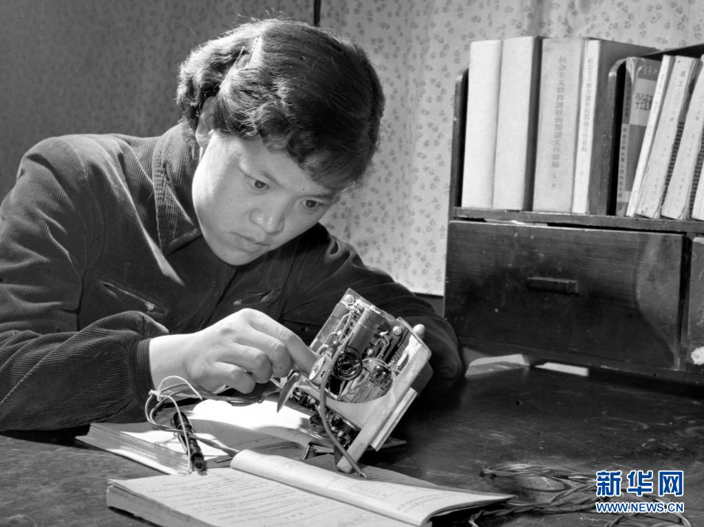 尉凤英进行一项新的技术革新项目的研究 (资料照片)。新华社发
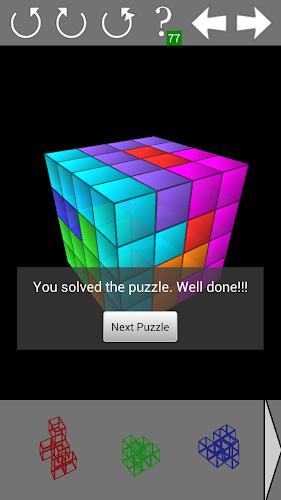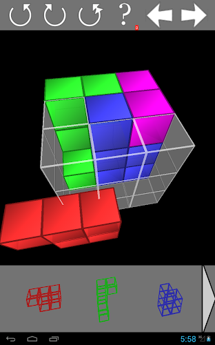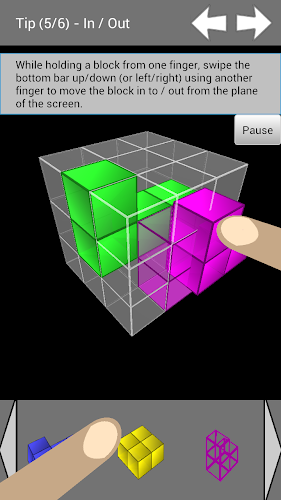 Najděte způsob, jak vyplnit 3D struktury danými bloky. Každá hádanka má jedno a pouze jedno řešení.Existuje 3000 hádanek ve 3 úrovních obtížnosti, snadné, střední a tvrdé. A s více než 2000 více úrovními v bonusovém balíčku (díky celkově 5000 bezplatných hádanek), nikdy vám nedojde hádanky. Než to hrajete, ujistěte se, že to projdete. V prvním běhu ve hře vám bude automaticky zobrazen (nebo můžete kliknout na „tutoriál“ na uvítací obrazovce.)
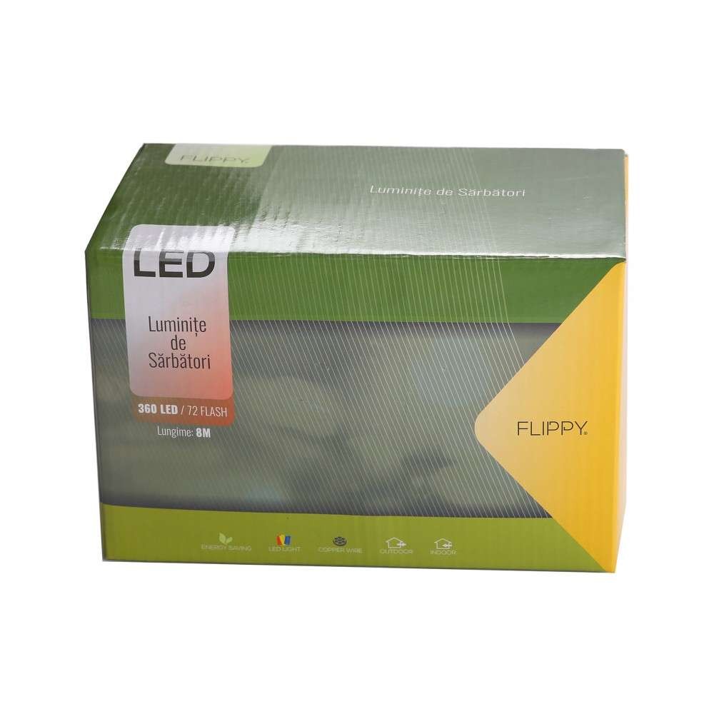 Prezentare Instalatie de Craciun Premium Flippy® Tip Perdea cu Flash 8 m x 1 m 360 LED-uri Mari:

## Exercise details:
Word for word, repeat all the data, but not its images.

## Answer for the task:
 尉凤英进行一项新的技术革新项目的研究 (资料照片)。新华社发
 Najděte způsob, jak vyplnit 3D struktury danými bloky. Každá hádanka má jedno a pouze jedno řešení.Existuje 3000 hádanek ve 3 úrovních obtížnosti, snadné, střední a tvrdé. A s více než 2000 více úrovními v bonusovém balíčku (díky celkově 5000 bezplatných hádanek), nikdy vám nedojde hádanky. Než to hrajete, ujistěte se, že to projdete. V prvním běhu ve hře vám bude automaticky zobrazen (nebo můžete kliknout na „tutoriál“ na uvítací obrazovce.)
 Prezentare Instalatie de Craciun Premium Flippy® Tip Perdea cu Flash 8 m x 1 m 360 LED-uri Mari:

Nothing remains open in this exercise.